> _Records for the exercise_:
::::::

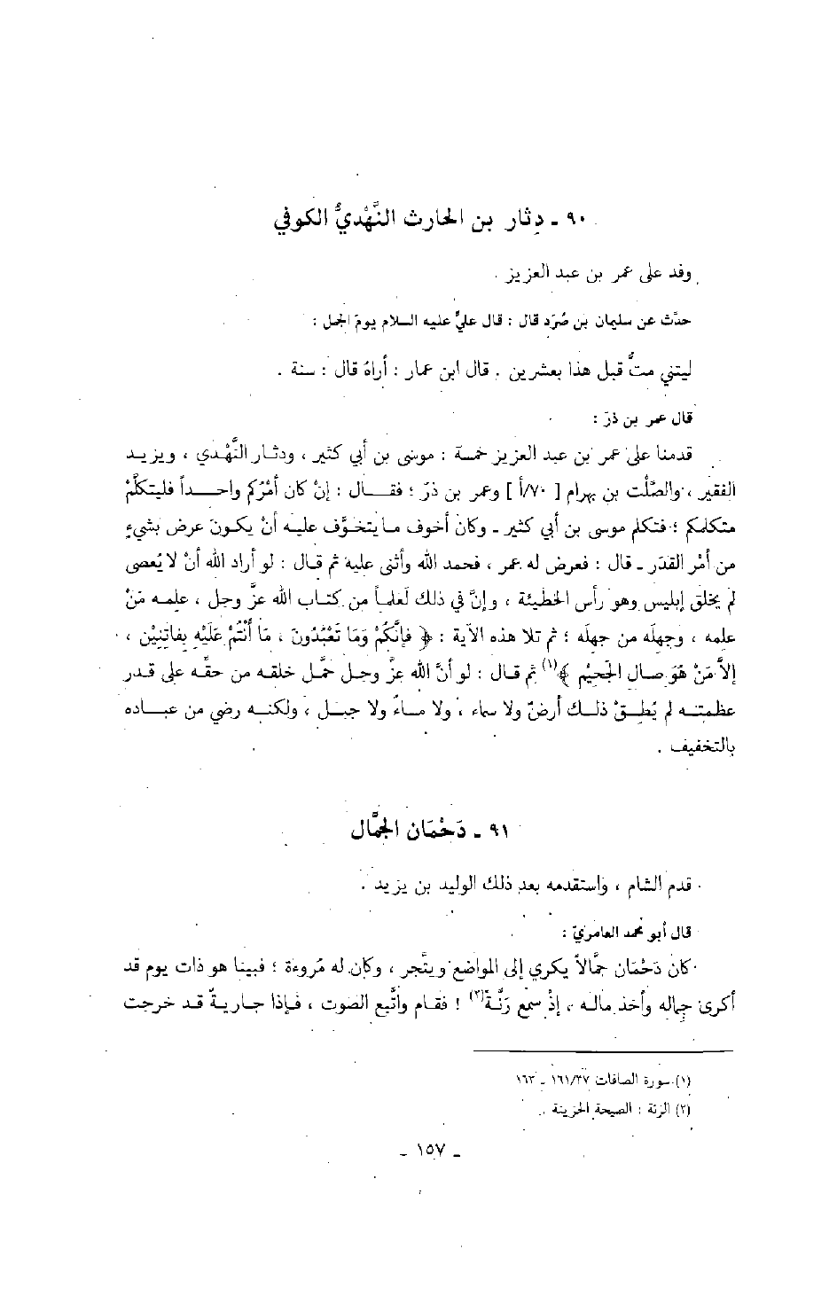 قال عمر بن ذر: قدمنا على عمر بن عبد العزيز خمسة: موسى بن أبي كثير، ودثار النهدي، ويزيد الفقير، والصلت بن بهرام، وعمر بن ذر؛ فقال: إن كان أمركم واحداً فليتكلم متكلمكم؛ فتكلم موسى بن أبي كثير وكان أخوف ما يتخوف عليه أن يكون عرض بشيء من أمر القدر قال: فعرض له عمر، فحمد الله وأثنى عليه ثم قال: لو أراد الله أن لا يعصى لم يخلق إبليس وهو رأس الخطيئة، وإن في ذلك لعلماً من كتاب الله عز وجل، علمه من علمه، وجهله من جهله؛ ثم تلا هذه الآية: " فإنكم وما تعبدون، ما أنتم عليه بفاتنين، إلا من هو صال الجحيم " ثم قال: لو أن الله عز وجل حمل خلقه من حقه على قدر عظمته لم يطق ذلك أرض ولا سماء، ولا ماء ولا جبل، ولكنه رضي من عباده بالتخفيف.
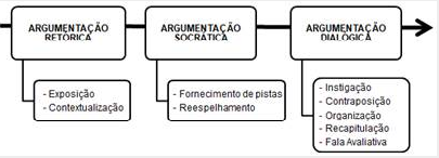 Corroborando a assertiva de Boulter e Gilbert (1995), na argumentação retórica o pensamento e a opinião dos ouvintes não são levados em consideração; apresenta uma estrutura linear onde o professor busca persuadir uma audiência receptiva a transmissão do conteúdo. No cenário de argumentação socrática, o tipo de discurso dirigido é conduzido pelo professor, reformulando questões para obter respostas esperadas pelos alunos. Na argumentação dialógica, o professor se propõe a construir consensos, para que os alunos possam discutir e criar questões investigativas.
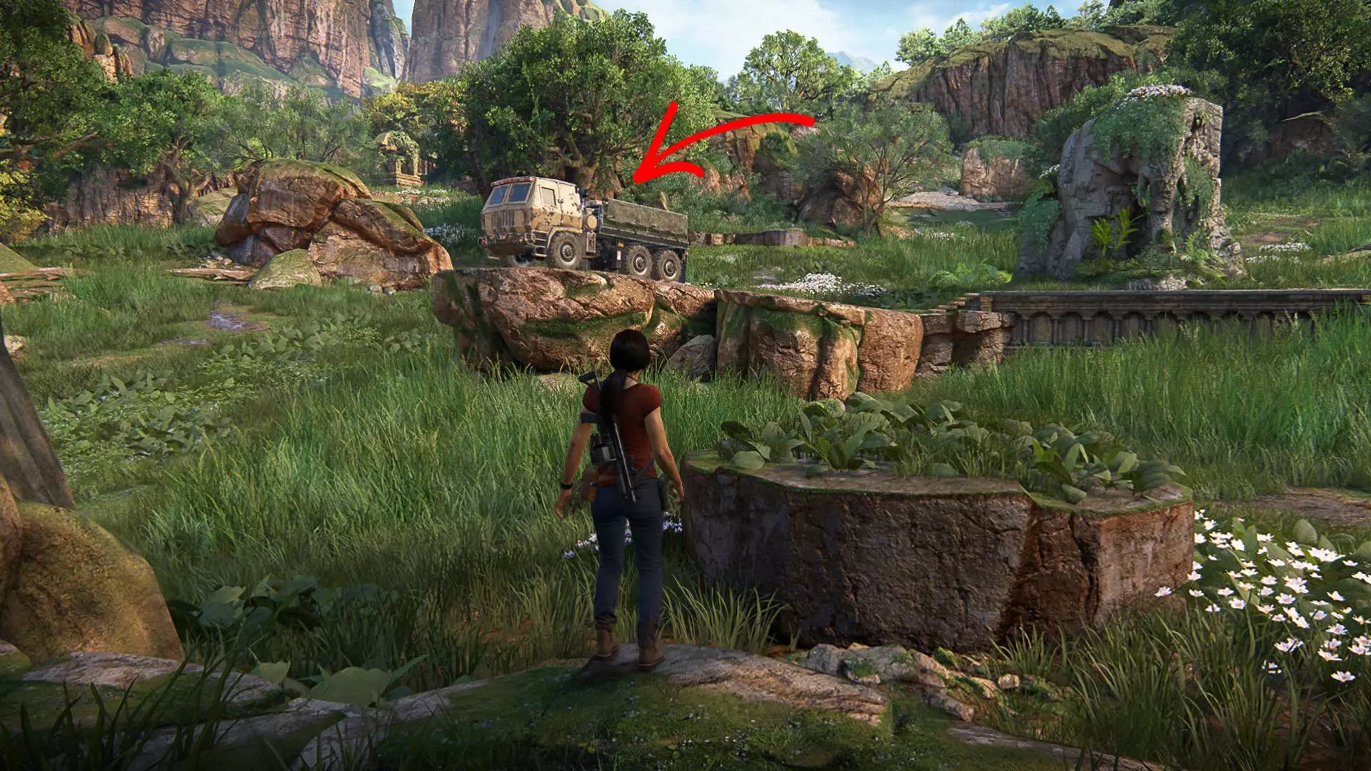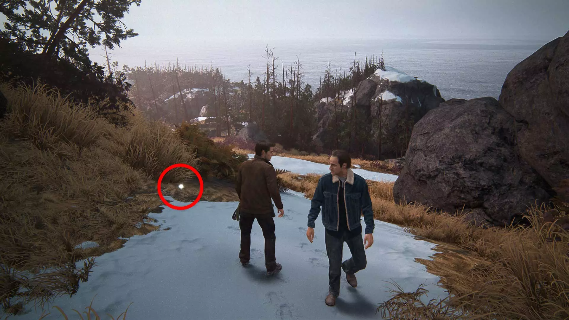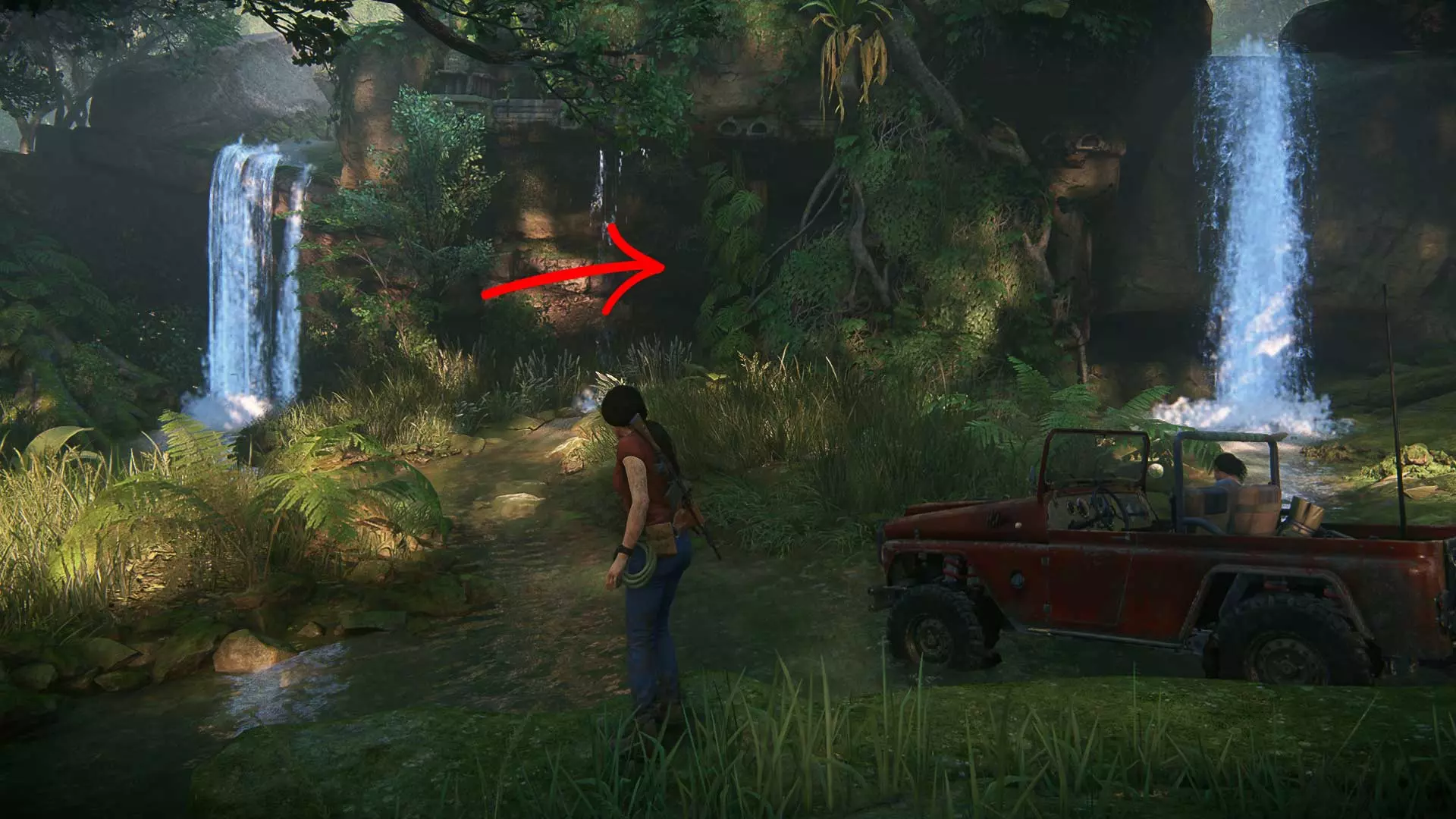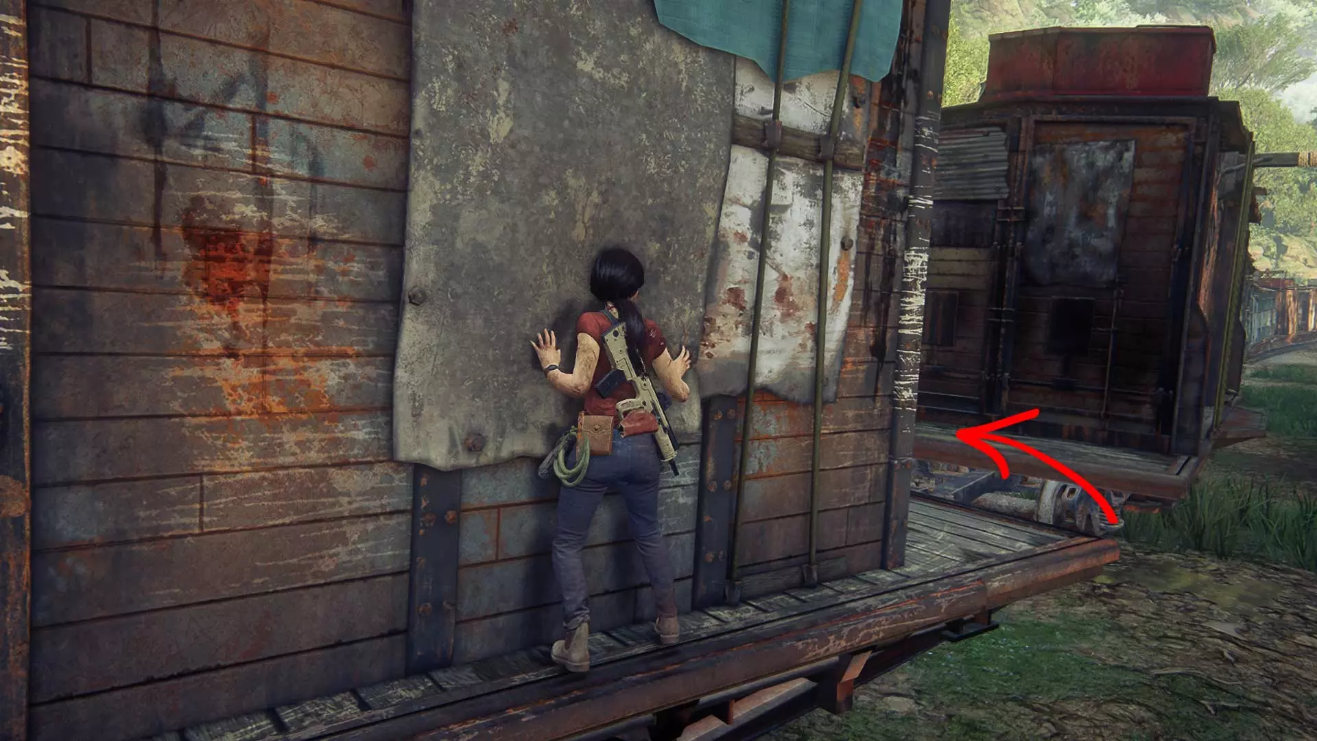 请秘密行动,因为一旦被发现,埃琳娜就会与敌人交火。此外,在潜行时要小心,埃琳娜有时会杀死靠近灌木丛的敌人。 以任何方便的方式沿着岩石爬到汽车旁。但接下来不要着急…… 尽量不被发现地坐进车里。建议等待撤退路线上没有敌人的时机,然后跳进驾驶座,沿着泥泞的道路离开。20 章
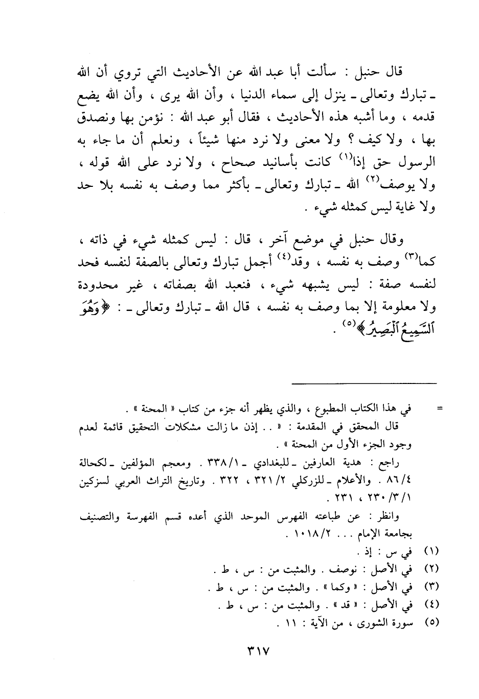 = في هذا الكتاب المطبوع، والذي يظهر أنه جزء من كتاب "المحنة".
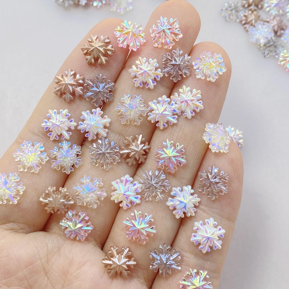 50 Stück Niedliche Cartoon Mini Farbige Schneeflocken Nailart Harz Designer Charms DIY Basteln Für Nagel 3D Dekorationen Schmuck
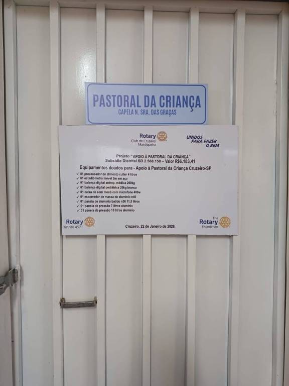 Unindo forças pelo futuro! No dia 22 de janeiro, o Rotary Club Cruzeiro Mantiqueira realizou a entrega de novos equipamentos para a Pastoral da Criança (Basílica Menor Imaculada Conceição). A ação, realizada na Capela de Nossa Senhora das Graças, foi viabilizada através do Subsídio Distrital do Distrito 4571. Com esses novos equipamentos, o atendimento às crianças, adolescentes e famílias da nossa comunidade ganha ainda mais qualidade e carinho. Seguimos juntos, pois estamos Unidos Para Fazer o Bem! Apoio: @mantifm1007 #Rotary #Distrito4571 #UnidosParaFazerOBem #PastoralDaCriança #Solidariedade #CruzeiroSP #RotaryMantiqueira
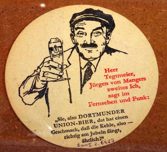 Keywords: Musée Européen de la Bière, Beer coaster pic-048.JPG Dortmunder Union Bier Photographed through glass own 2012-08-16 16 14 34 AlfvanBeem CC-zero Trademarked Musée Européen de la Bière Nostalgia by Alf van Beem Beermats Dortmunder style beer |
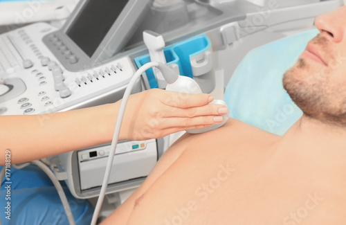 Doctor conducting ultrasound examination of patient's shoulder in clinic
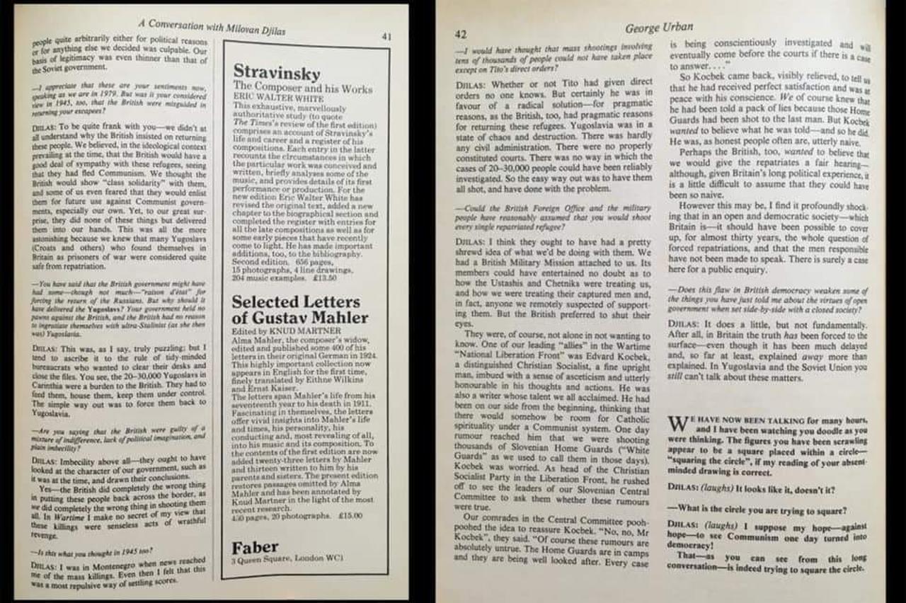 Milovan Đilas, vjerojatno jedan od najpoznatijih jugoslavenskih i svjetskih disidenata, sjeo je 1979. godine s novinarom i piscem Georgeom Urbanom i u dugom razgovoru za britanski magazin Encounter, dotakao se - između ostalog - i "repatrijacija" - dugo prešućivanu činjenicu da su britanske snage nakon rata izručile Jugoslaviji i SSSR-u do 40 tisuća ljudi koji su bježali iz zemlje te da su ih jugoslavenske vlasti poubijale.

::::::

> _Your goal_: Would you return all of the entries unchanged while omitting the images?

> _Output for this task_:
 قال عمر بن ذر: قدمنا على عمر بن عبد العزيز خمسة: موسى بن أبي كثير، ودثار النهدي، ويزيد الفقير، والصلت بن بهرام، وعمر بن ذر؛ فقال: إن كان أمركم واحداً فليتكلم متكلمكم؛ فتكلم موسى بن أبي كثير وكان أخوف ما يتخوف عليه أن يكون عرض بشيء من أمر القدر قال: فعرض له عمر، فحمد الله وأثنى عليه ثم قال: لو أراد الله أن لا يعصى لم يخلق إبليس وهو رأس الخطيئة، وإن في ذلك لعلماً من كتاب الله عز وجل، علمه من علمه، وجهله من جهله؛ ثم تلا هذه الآية: " فإنكم وما تعبدون، ما أنتم عليه بفاتنين، إلا من هو صال الجحيم " ثم قال: لو أن الله عز وجل حمل خلقه من حقه على قدر عظمته لم يطق ذلك أرض ولا سماء، ولا ماء ولا جبل، ولكنه رضي من عباده بالتخفيف.
 Corroborando a assertiva de Boulter e Gilbert (1995), na argumentação retórica o pensamento e a opinião dos ouvintes não são levados em consideração; apresenta uma estrutura linear onde o professor busca persuadir uma audiência receptiva a transmissão do conteúdo. No cenário de argumentação socrática, o tipo de discurso dirigido é conduzido pelo professor, reformulando questões para obter respostas esperadas pelos alunos. Na argumentação dialógica, o professor se propõe a construir consensos, para que os alunos possam discutir e criar questões investigativas.
 请秘密行动,因为一旦被发现,埃琳娜就会与敌人交火。此外,在潜行时要小心,埃琳娜有时会杀死靠近灌木丛的敌人。 以任何方便的方式沿着岩石爬到汽车旁。但接下来不要着急…… 尽量不被发现地坐进车里。建议等待撤退路线上没有敌人的时机,然后跳进驾驶座,沿着泥泞的道路离开。20 章
 = في هذا الكتاب المطبوع، والذي يظهر أنه جزء من كتاب "المحنة".
 50 Stück Niedliche Cartoon Mini Farbige Schneeflocken Nailart Harz Designer Charms DIY Basteln Für Nagel 3D Dekorationen Schmuck
 Unindo forças pelo futuro! No dia 22 de janeiro, o Rotary Club Cruzeiro Mantiqueira realizou a entrega de novos equipamentos para a Pastoral da Criança (Basílica Menor Imaculada Conceição). A ação, realizada na Capela de Nossa Senhora das Graças, foi viabilizada através do Subsídio Distrital do Distrito 4571. Com esses novos equipamentos, o atendimento às crianças, adolescentes e famílias da nossa comunidade ganha ainda mais qualidade e carinho. Seguimos juntos, pois estamos Unidos Para Fazer o Bem! Apoio: @mantifm1007 #Rotary #Distrito4571 #UnidosParaFazerOBem #PastoralDaCriança #Solidariedade #CruzeiroSP #RotaryMantiqueira
 Keywords: Musée Européen de la Bière, Beer coaster pic-048.JPG Dortmunder Union Bier Photographed through glass own 2012-08-16 16 14 34 AlfvanBeem CC-zero Trademarked Musée Européen de la Bière Nostalgia by Alf van Beem Beermats Dortmunder style beer |
 Doctor conducting ultrasound examination of patient's shoulder in clinic
 Milovan Đilas, vjerojatno jedan od najpoznatijih jugoslavenskih i svjetskih disidenata, sjeo je 1979. godine s novinarom i piscem Georgeom Urbanom i u dugom razgovoru za britanski magazin Encounter, dotakao se - između ostalog - i "repatrijacija" - dugo prešućivanu činjenicu da su britanske snage nakon rata izručile Jugoslaviji i SSSR-u do 40 tisuća ljudi koji su bježali iz zemlje te da su ih jugoslavenske vlasti poubijale.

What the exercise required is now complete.